The two key questions were “who to test” and “how often to test”
As a multidisciplinary business with diverse capabilities and specialisms, our people work in a variety of locations and patterns. Most of these working patterns and risk profiles don’t match those of the early adopters of these tests, such as those in clinical and educational settings. As a result, we built a team to analyse the available data and tailor our use of the tests for maximum impact in our particular case. The team was led by myself, a simulation scientist and my colleague Richard Owen, our Senior Consultant Bioscientist. The team identified the latest bioscience data available on the parameters of COVID-19 and the LFTs, then developed a bespoke Monte Carlo model – used to predict the probability of different outcomes – to model potential infections across the business. We used the popular Anaconda python platform for scientific computing.
What are the key inputs?
COVID-19 infection timeline
A viral infection typically progresses through several stages: a person first catches the infection, the virus multiplies until they become infectious and often continues to multiply causing symptoms before the immune system is able to fight back and eliminate the virus. LFTs can provide an ‘early warning’ when virus levels start to increase, but before symptoms start.
‘Effective R’ within CDP
We’ve changed our working environment in a variety of ways to reduce transmission potential. If this was 100% effective then LFTs wouldn’t offer any benefit, but we all understand that the measures are instead designed to reduce the risk to the lowest reasonable level. While we have no evidence for transmission on-site, we’re aware of some cases, unfortunately, brought in from the outside community and so we applied a ‘reasonable worst case’ estimate of transmission.
Background population case rate
Clearly more cases of COVID-19 circulating outside CDP would result in more infected people coming onto our site and identification of each one could potentially prevent further infection. We recognised that this value has changed rapidly so we investigated the benefit of LFTs in a variety of scenarios.
Sensitivity: if a person with COVID-19 takes a LFT, what is the chance that it will give an accurate, positive result?
This property of the LFTs on the market is very important. While they can be more than 90% sensitive for symptomatic people, those people should already have isolated and obtained a ‘gold-standard’ PCR (lab) test. When used in asymptomatic populations with well-functioning immune systems, the sensitivity can be as low as 3%. Considering the population demographic in this study compared to our own, our model took a less pessimistic view of LFT performance and erred on the side of higher sensitivity.

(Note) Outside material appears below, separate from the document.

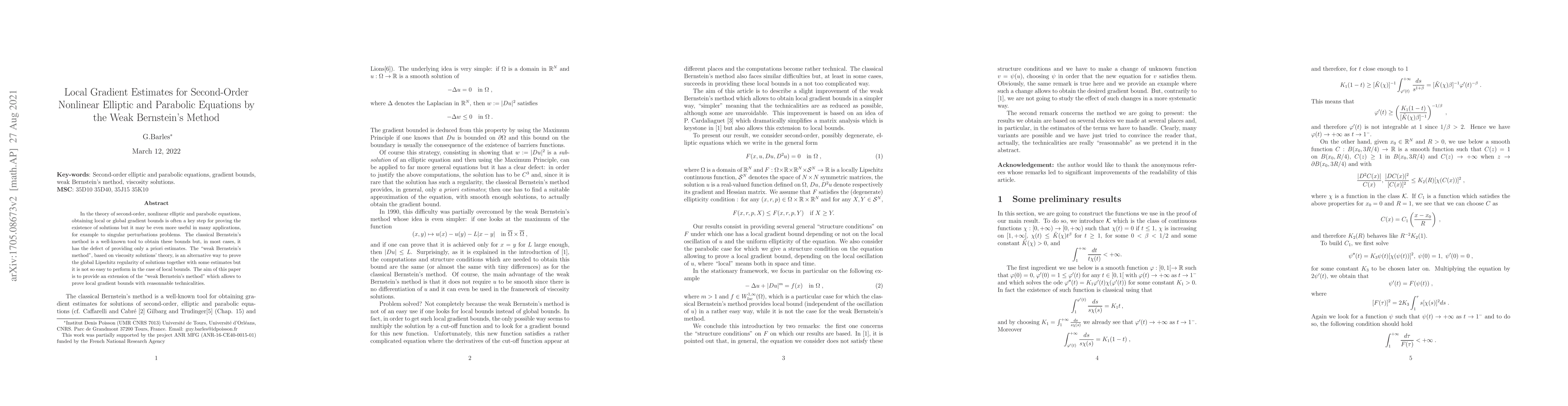 In the theory of second-order, nonlinear elliptic and parabolic equations, obtaining local or global gradient bounds is often a key step for proving the existence of solutions but it may be even more useful in many applications, for example to singular perturbations problems. The classical Bernstein's method is a well-known tool to obtain these bounds but, in most cases, it has the defect of providing only a priori estimates. The "weak Bernstein's method", based on viscosity solutions' theory, is an alternative way to prove the global Lipschitz regularity of solutions together with some estimates but it is not so easy to perform in the case of local bounds. The aim of this paper is to provide an extension of the "weak Bernstein's method" which allows to prove local gradient bounds with reasonnable technicalities.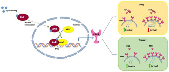 Deuster, E.; Mayr, D.; Hester, A.; Kolben, T.; Zeder-Göß, C.; Burges, A.; Mahner, S.; Jeschke, U.; Trillsch, F.; Czogalla, B. Correlation of the Aryl Hydrocarbon Receptor with FSHR in Ovarian Cancer Patients. Int. J. Mol. Sci. 2019, 20, 2862. https://doi.org/10.3390/ijms20122862

Specificity: if a person without COVID-19 takes a lateral flow test, what is the chance that it will give an accurate, negative result?
The LFTs on the market are thought to have a specificity of around 99.5%. While 0.5% might sound low, current estimates are that only 0.1% of the population has COVID-19; therefore the 0.5% false positives actually make up significantly more people than the number that are really infected. This is the source of some controversy as it can cause unnecessary isolation when the case rate is low, however this risk was not considered a significant problem for us at CDP as we took a ‘better safe than sorry’ approach.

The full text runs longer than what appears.